Exercise = The line with "Photograph of Sarah" and each line following it, up to the final line of the data, should be set down exactly; pictures stay out.

The data =
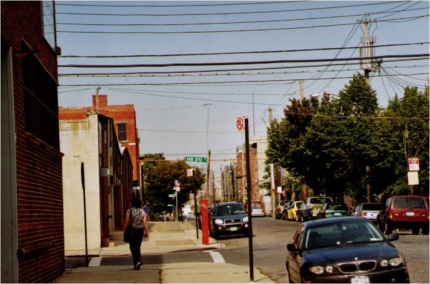 Red Hook Van Brunt Street
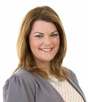 Photograph of Sarah Hanson-Young, Greens senator for South Australia.
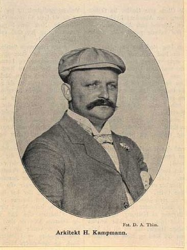 Danish architect Hack Kampmann (1856-1920)
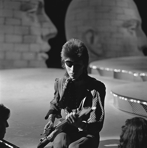 David Bowie, shooting his video for Rebel Rebel in AVRO's TopPop (Dutch television show) in 1974
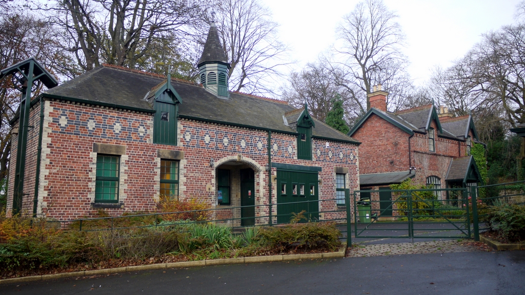 Stable Block, Saltwell Park. Built around 1871 in a similar style to the mansion 1581133. Red brick with white brick quoins and dressings and polychrome frieze. Hipped slate roof (a roof having sloping ends as well as sloping sides) with 2 gabled dormers, central spire, and a shelter for a bell on the west (left) side. There is a central segmental arched doorway with carriage doors on its right The building has been restored and is now used as an education area by schools, colleges and community groups.
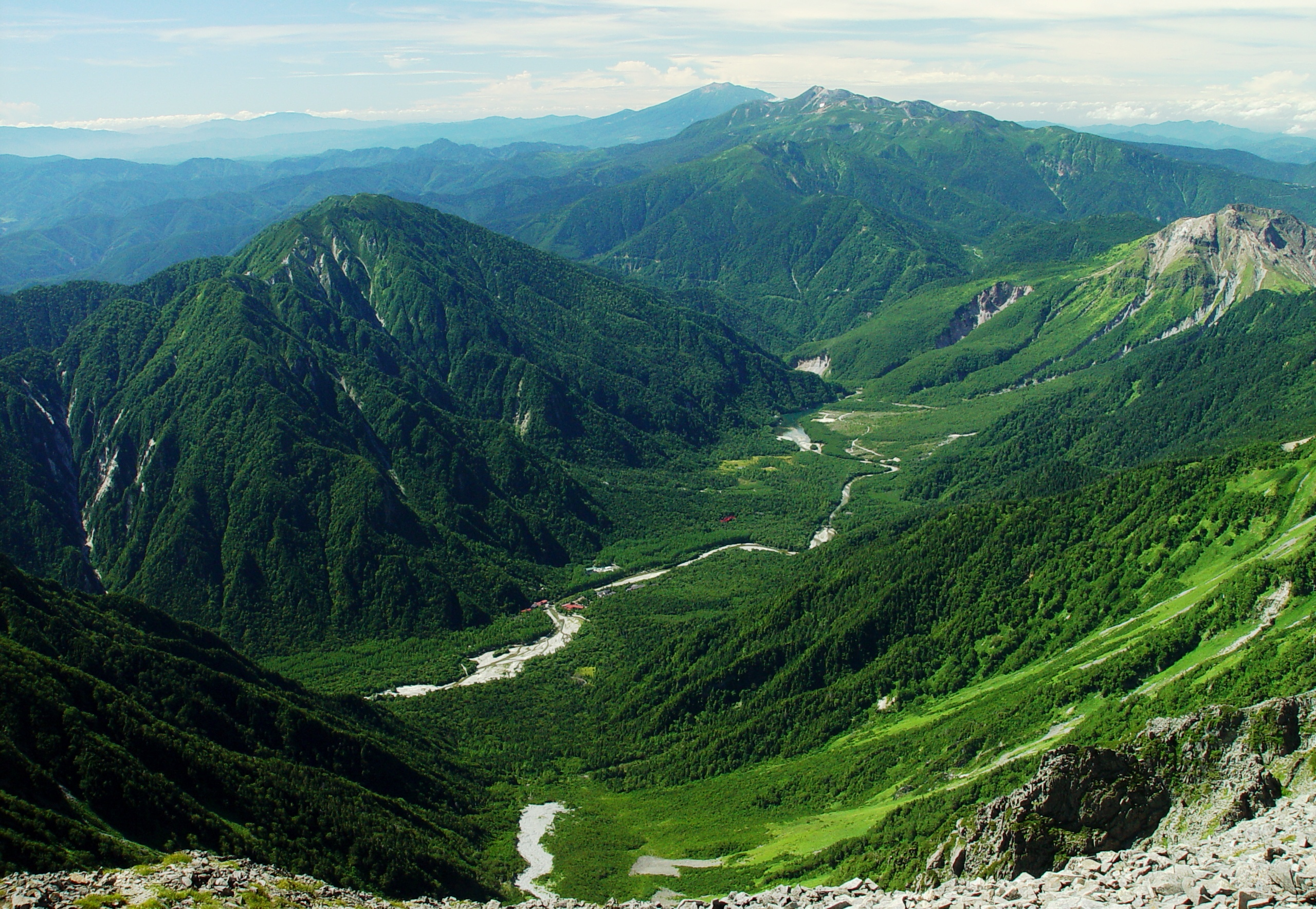 Kamikōchi, Mount Kasumizawa and Mount Norikura from Mount Hotaka
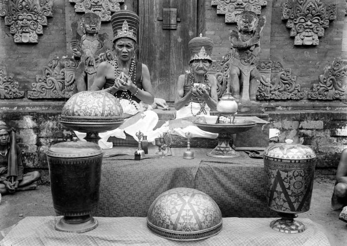 Male and female Balinese priests performing a ceremony
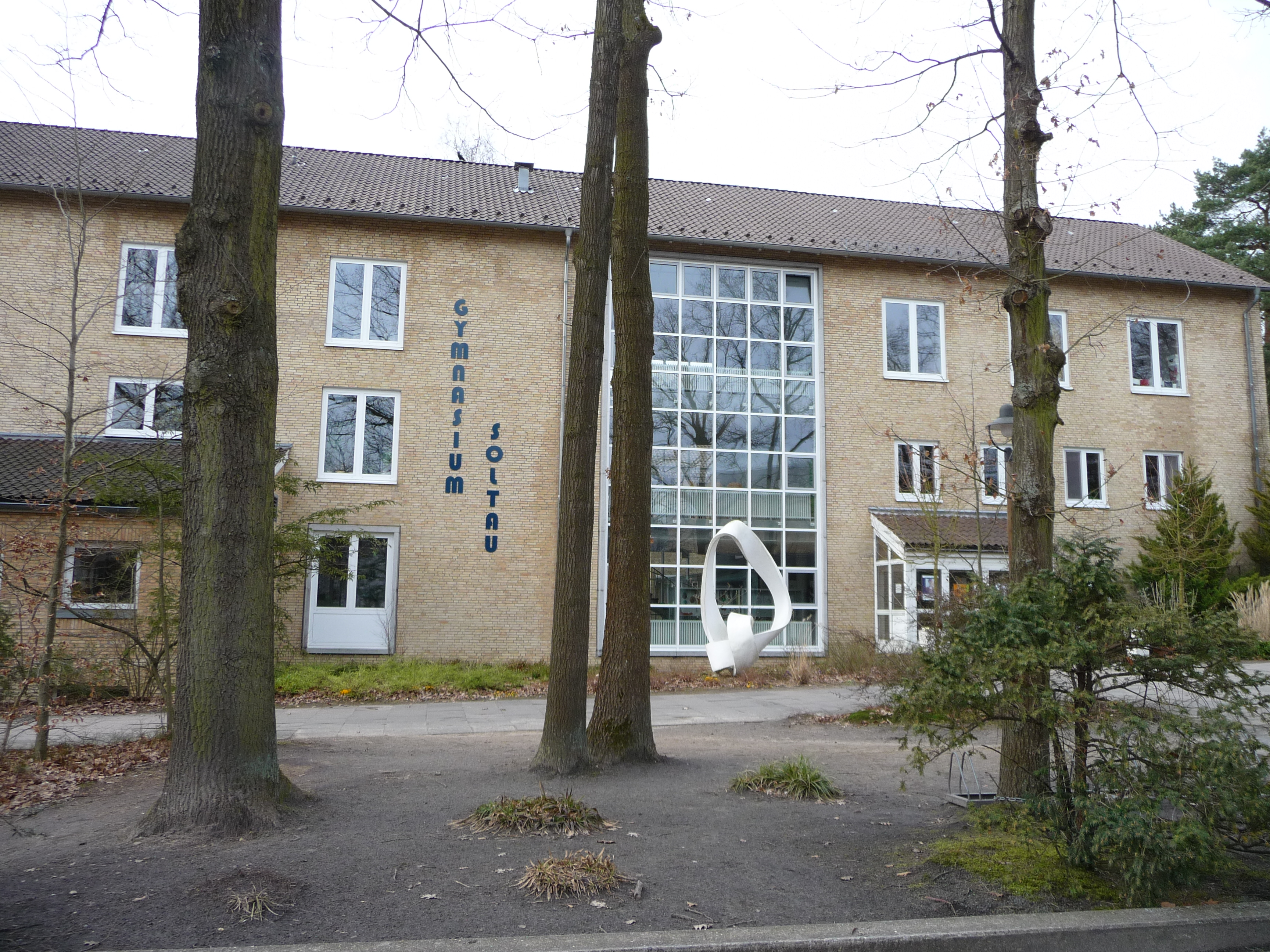 Secondary school Soltau, main entrance
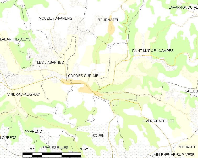 Map of French municipality Cordes-sur-Ciel
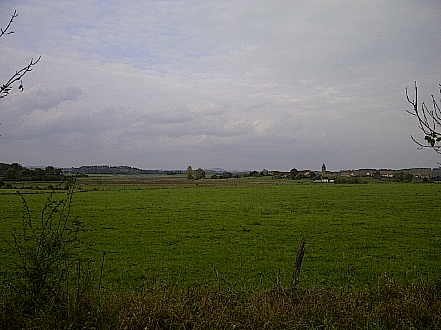 View over Tarquimpol and the former Etang de Lindre
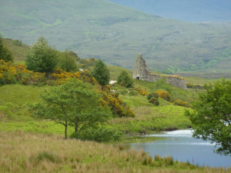 Dun Dornaigil, a broch in Sutherland, Scotland

Expected output =
 Photograph of Sarah Hanson-Young, Greens senator for South Australia.
 Danish architect Hack Kampmann (1856-1920)
 David Bowie, shooting his video for Rebel Rebel in AVRO's TopPop (Dutch television show) in 1974
 Stable Block, Saltwell Park. Built around 1871 in a similar style to the mansion 1581133. Red brick with white brick quoins and dressings and polychrome frieze. Hipped slate roof (a roof having sloping ends as well as sloping sides) with 2 gabled dormers, central spire, and a shelter for a bell on the west (left) side. There is a central segmental arched doorway with carriage doors on its right The building has been restored and is now used as an education area by schools, colleges and community groups.
 Kamikōchi, Mount Kasumizawa and Mount Norikura from Mount Hotaka
 Male and female Balinese priests performing a ceremony
 Secondary school Soltau, main entrance
 Map of French municipality Cordes-sur-Ciel
 View over Tarquimpol and the former Etang de Lindre
 Dun Dornaigil, a broch in Sutherland, Scotland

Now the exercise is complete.